## Task goal
Copy only what lies from the line containing "My critique of" through the line containing "Superfit lasten talvikengät, koko" in the entries below, keeping both end lines exact and dropping every picture.

[Records for processing Boundary: Start]

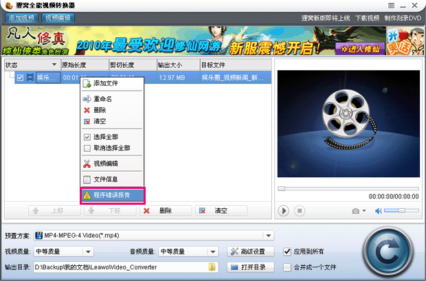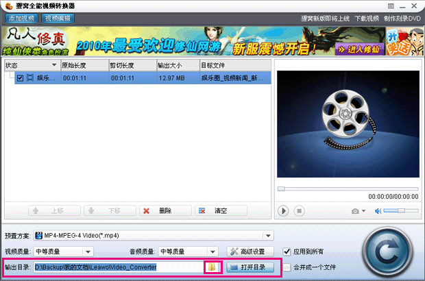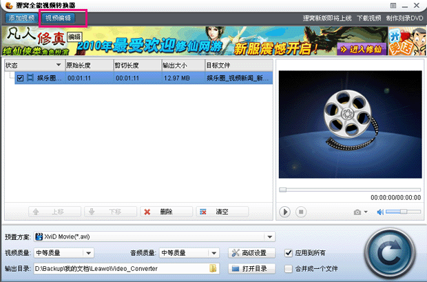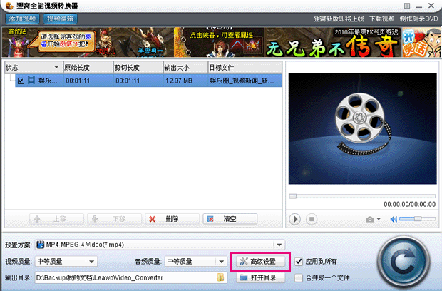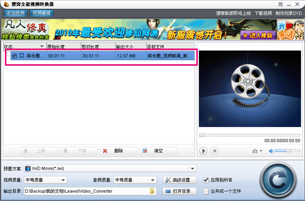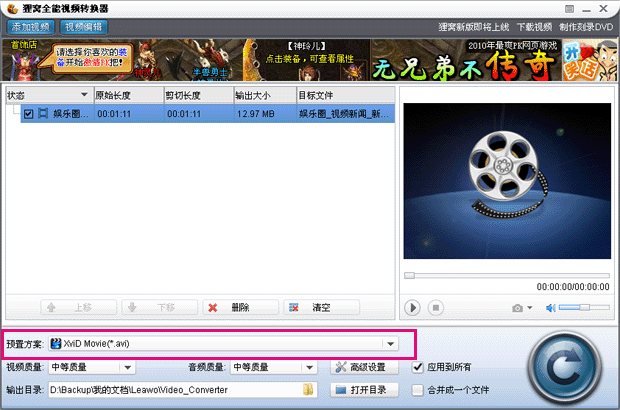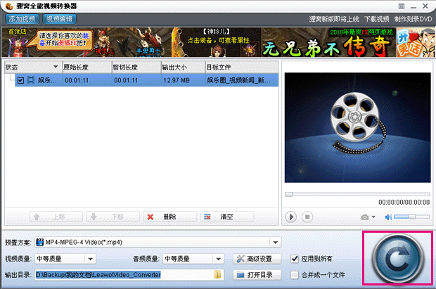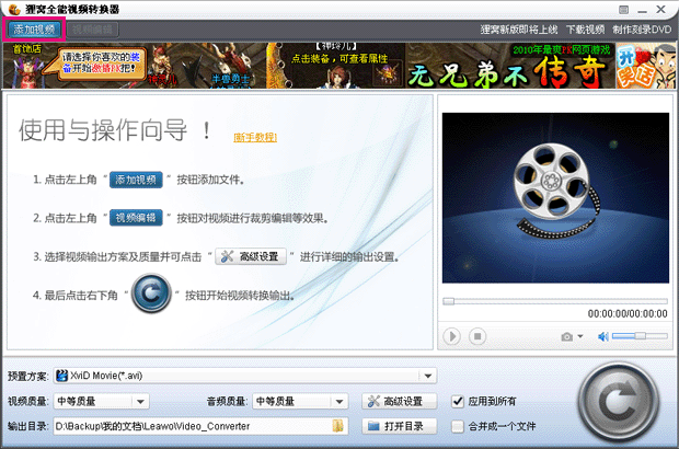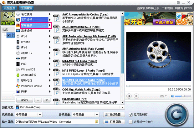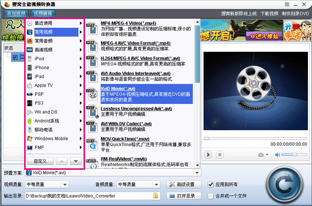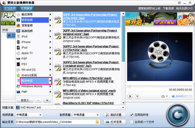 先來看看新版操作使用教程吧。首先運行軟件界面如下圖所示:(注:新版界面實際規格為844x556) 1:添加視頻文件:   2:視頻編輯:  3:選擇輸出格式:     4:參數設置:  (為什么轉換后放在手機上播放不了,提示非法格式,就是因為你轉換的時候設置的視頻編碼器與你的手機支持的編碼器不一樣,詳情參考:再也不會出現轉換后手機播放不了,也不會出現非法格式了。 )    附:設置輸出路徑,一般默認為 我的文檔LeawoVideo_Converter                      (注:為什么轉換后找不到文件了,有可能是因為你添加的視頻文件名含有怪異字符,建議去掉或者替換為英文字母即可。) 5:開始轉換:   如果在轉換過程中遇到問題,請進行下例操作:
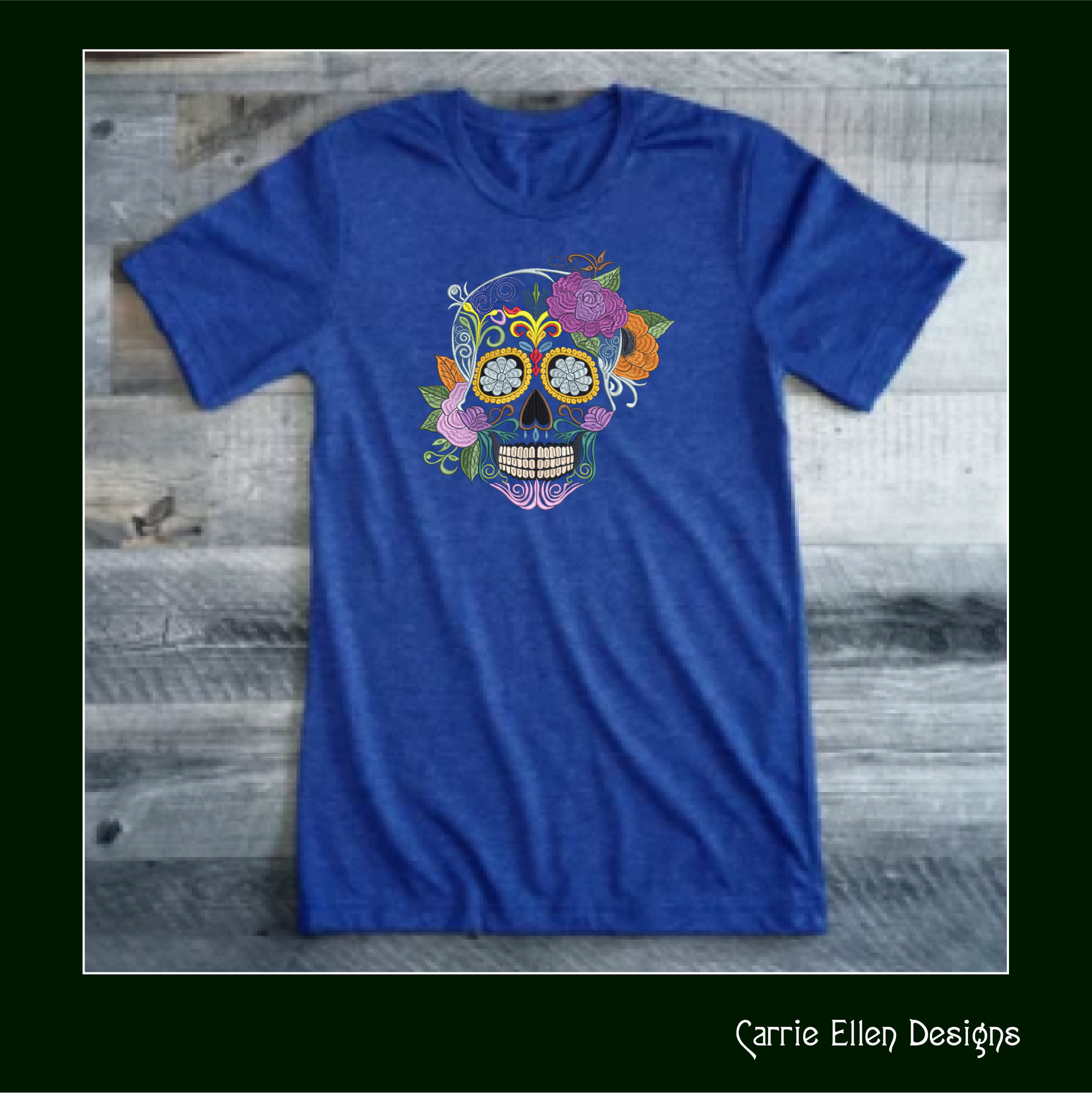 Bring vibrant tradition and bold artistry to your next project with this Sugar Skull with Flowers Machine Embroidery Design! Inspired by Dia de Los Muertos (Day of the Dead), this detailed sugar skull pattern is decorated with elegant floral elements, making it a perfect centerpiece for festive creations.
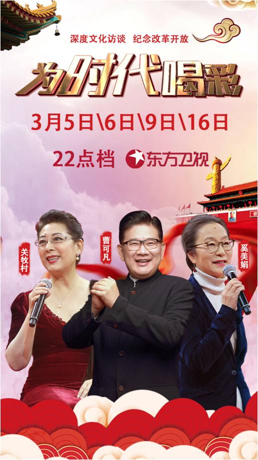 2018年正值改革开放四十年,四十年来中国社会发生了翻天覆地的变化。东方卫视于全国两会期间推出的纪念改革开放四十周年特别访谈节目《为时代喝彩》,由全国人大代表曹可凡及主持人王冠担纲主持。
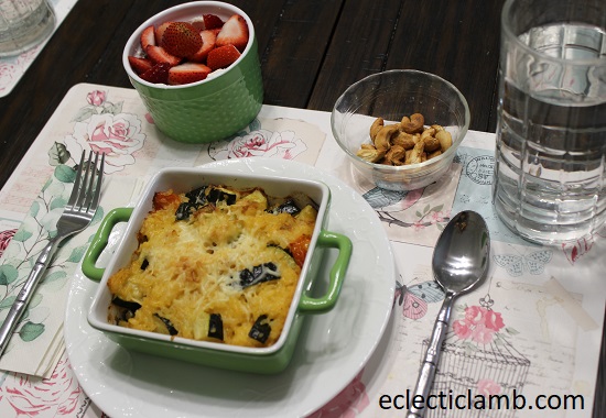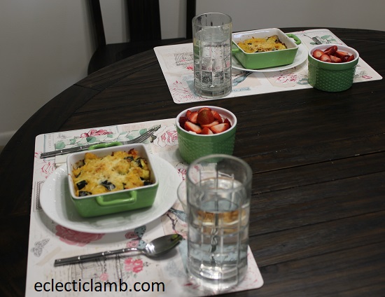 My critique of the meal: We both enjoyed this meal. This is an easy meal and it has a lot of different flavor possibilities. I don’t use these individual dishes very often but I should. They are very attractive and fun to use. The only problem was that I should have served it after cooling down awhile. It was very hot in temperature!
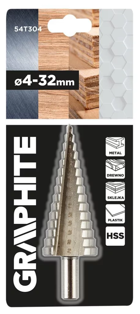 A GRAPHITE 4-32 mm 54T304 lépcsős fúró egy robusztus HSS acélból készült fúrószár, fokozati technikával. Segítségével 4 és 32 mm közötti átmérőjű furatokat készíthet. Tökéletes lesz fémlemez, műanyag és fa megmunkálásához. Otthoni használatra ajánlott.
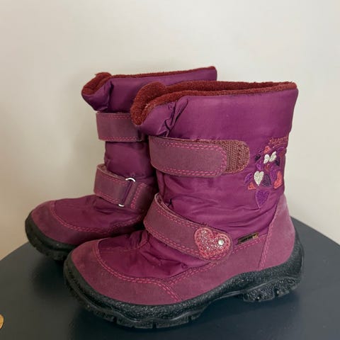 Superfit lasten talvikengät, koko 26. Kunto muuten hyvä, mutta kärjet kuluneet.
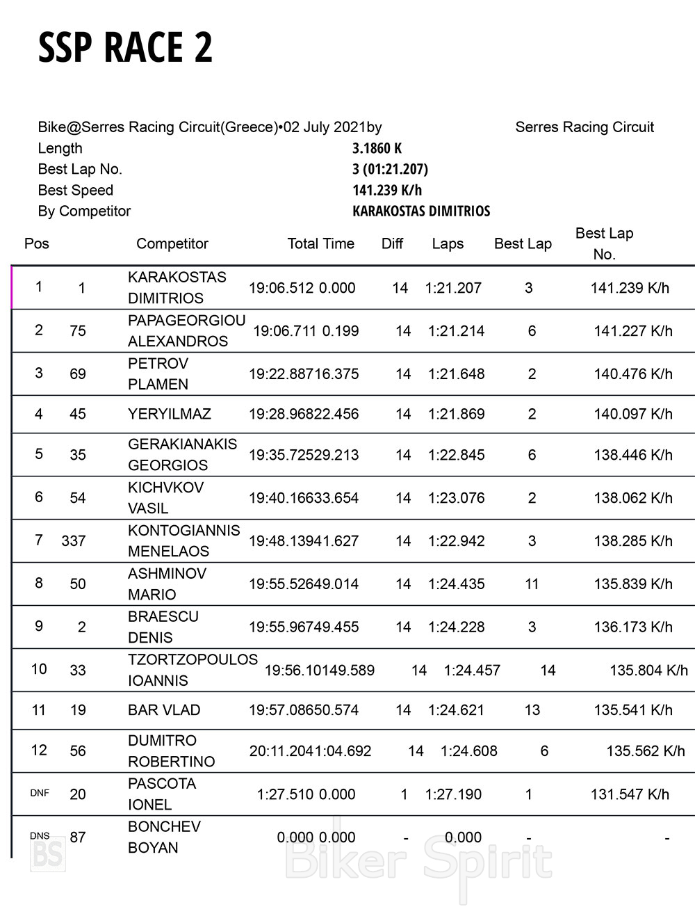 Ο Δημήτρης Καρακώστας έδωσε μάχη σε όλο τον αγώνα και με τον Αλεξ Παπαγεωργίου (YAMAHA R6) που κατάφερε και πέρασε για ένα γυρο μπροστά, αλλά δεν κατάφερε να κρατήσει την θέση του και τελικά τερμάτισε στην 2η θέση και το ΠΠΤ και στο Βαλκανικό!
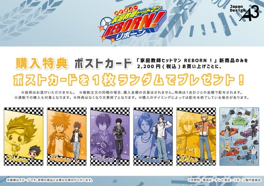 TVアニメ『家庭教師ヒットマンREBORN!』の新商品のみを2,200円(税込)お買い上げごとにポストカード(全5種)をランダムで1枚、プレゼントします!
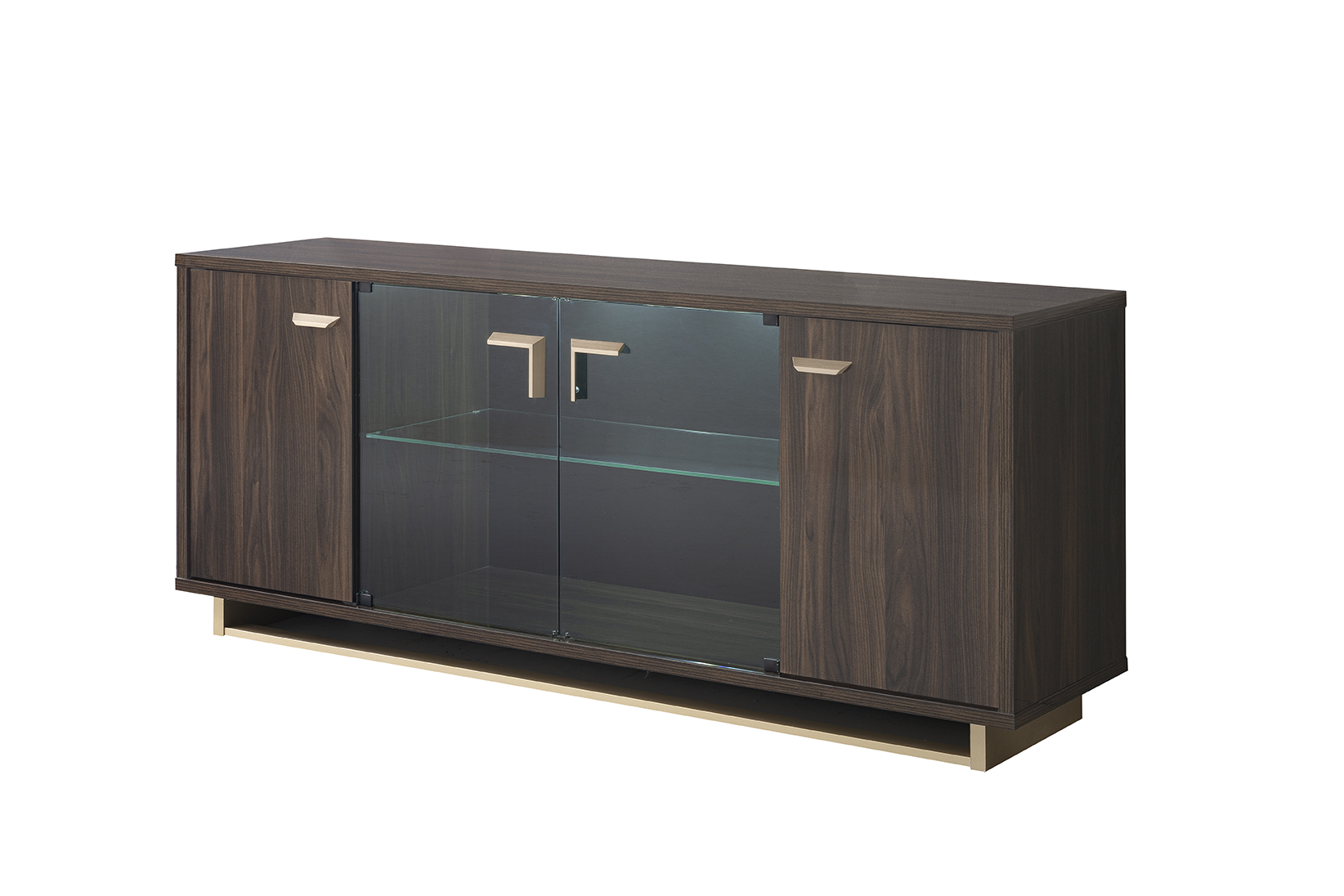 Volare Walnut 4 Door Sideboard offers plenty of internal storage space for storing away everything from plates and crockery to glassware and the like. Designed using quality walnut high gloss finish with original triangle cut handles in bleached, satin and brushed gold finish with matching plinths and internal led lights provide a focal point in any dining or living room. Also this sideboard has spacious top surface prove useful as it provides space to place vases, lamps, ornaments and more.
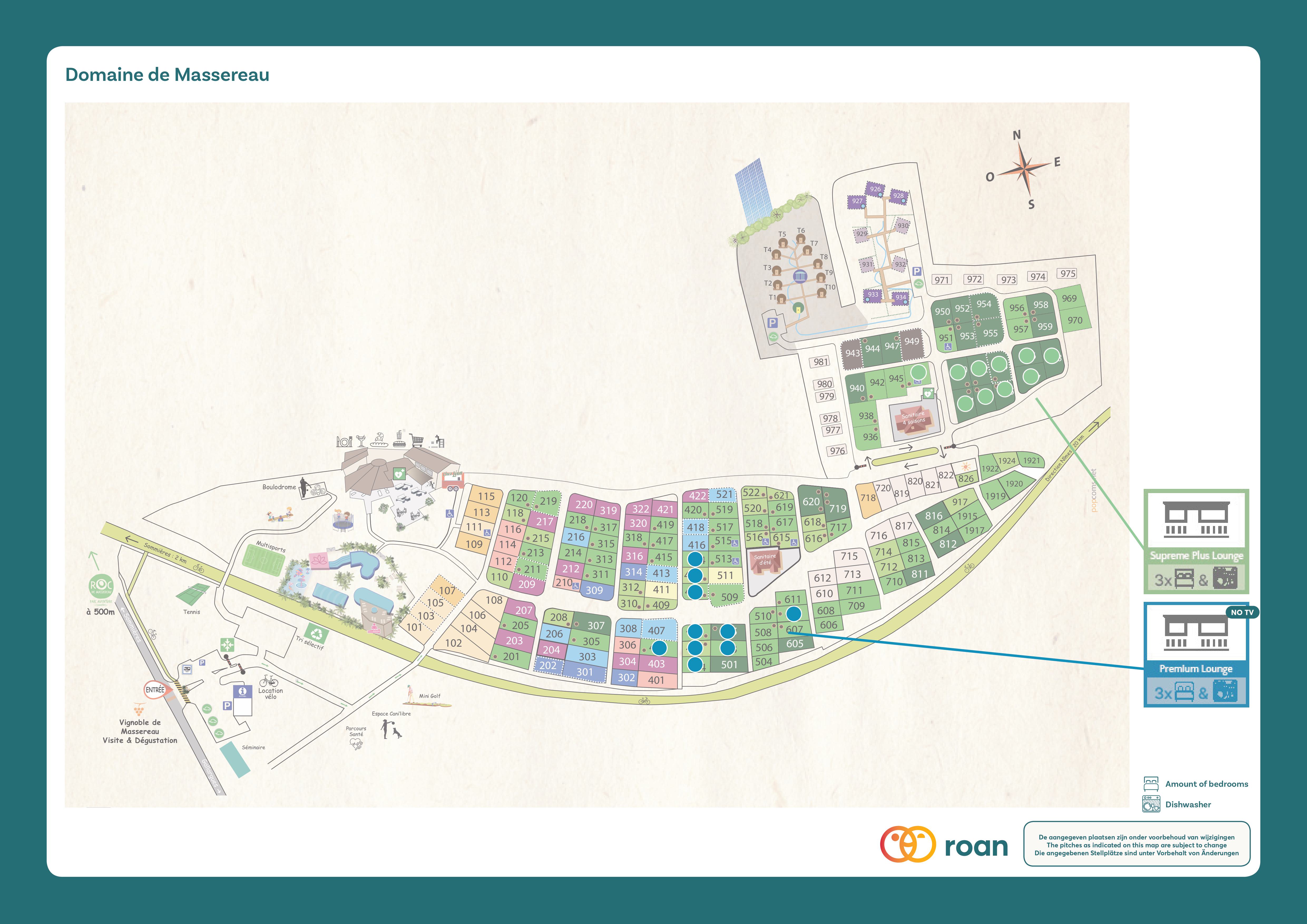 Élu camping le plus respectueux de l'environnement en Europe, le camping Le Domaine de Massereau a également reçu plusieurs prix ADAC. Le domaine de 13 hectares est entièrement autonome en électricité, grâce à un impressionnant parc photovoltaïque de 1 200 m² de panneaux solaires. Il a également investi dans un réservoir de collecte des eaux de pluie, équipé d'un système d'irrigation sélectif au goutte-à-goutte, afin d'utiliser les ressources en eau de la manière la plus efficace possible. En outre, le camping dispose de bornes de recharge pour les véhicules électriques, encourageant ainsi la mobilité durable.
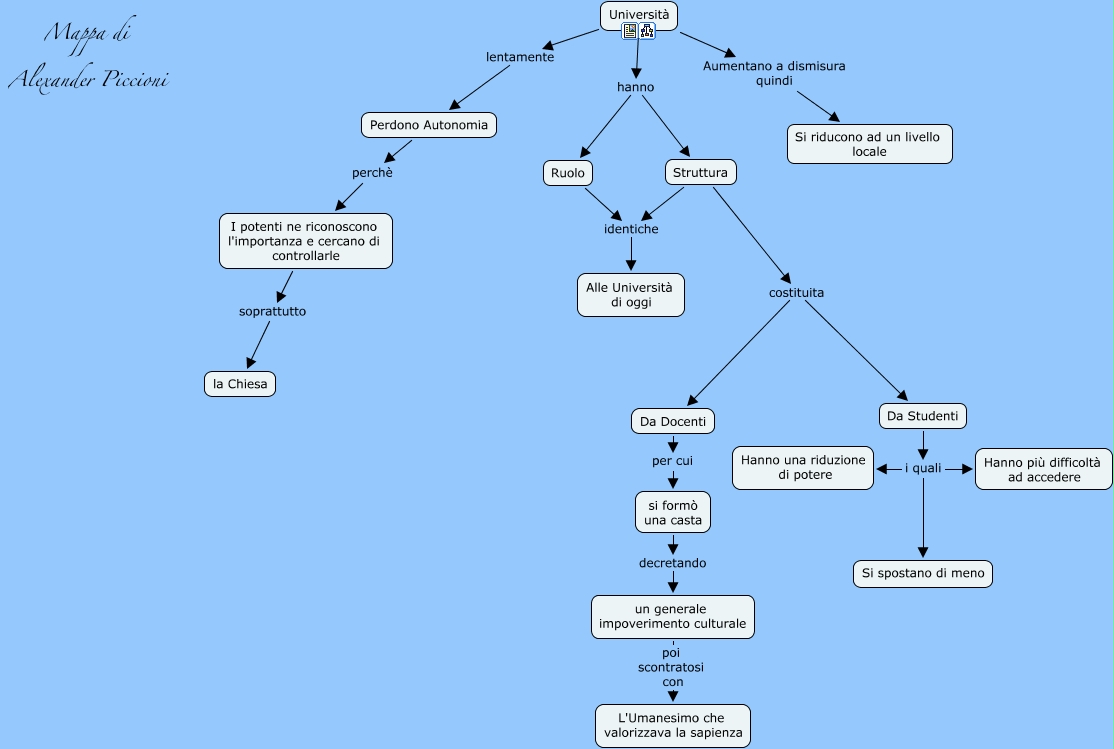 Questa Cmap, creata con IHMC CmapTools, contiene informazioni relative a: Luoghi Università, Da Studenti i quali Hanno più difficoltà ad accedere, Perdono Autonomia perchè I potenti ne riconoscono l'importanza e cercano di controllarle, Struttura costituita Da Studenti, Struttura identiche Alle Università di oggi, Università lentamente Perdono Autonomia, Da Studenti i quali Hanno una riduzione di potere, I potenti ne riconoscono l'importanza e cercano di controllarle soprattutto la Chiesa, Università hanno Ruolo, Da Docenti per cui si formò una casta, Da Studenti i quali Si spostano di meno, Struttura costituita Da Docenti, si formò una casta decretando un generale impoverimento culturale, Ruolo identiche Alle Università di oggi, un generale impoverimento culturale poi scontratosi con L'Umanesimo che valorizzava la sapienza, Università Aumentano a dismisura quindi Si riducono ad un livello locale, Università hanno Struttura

[Records for processing Boundary: End]

## Finished exercise
 My critique of the meal: We both enjoyed this meal. This is an easy meal and it has a lot of different flavor possibilities. I don’t use these individual dishes very often but I should. They are very attractive and fun to use. The only problem was that I should have served it after cooling down awhile. It was very hot in temperature!
 A GRAPHITE 4-32 mm 54T304 lépcsős fúró egy robusztus HSS acélból készült fúrószár, fokozati technikával. Segítségével 4 és 32 mm közötti átmérőjű furatokat készíthet. Tökéletes lesz fémlemez, műanyag és fa megmunkálásához. Otthoni használatra ajánlott.
 Superfit lasten talvikengät, koko 26. Kunto muuten hyvä, mutta kärjet kuluneet.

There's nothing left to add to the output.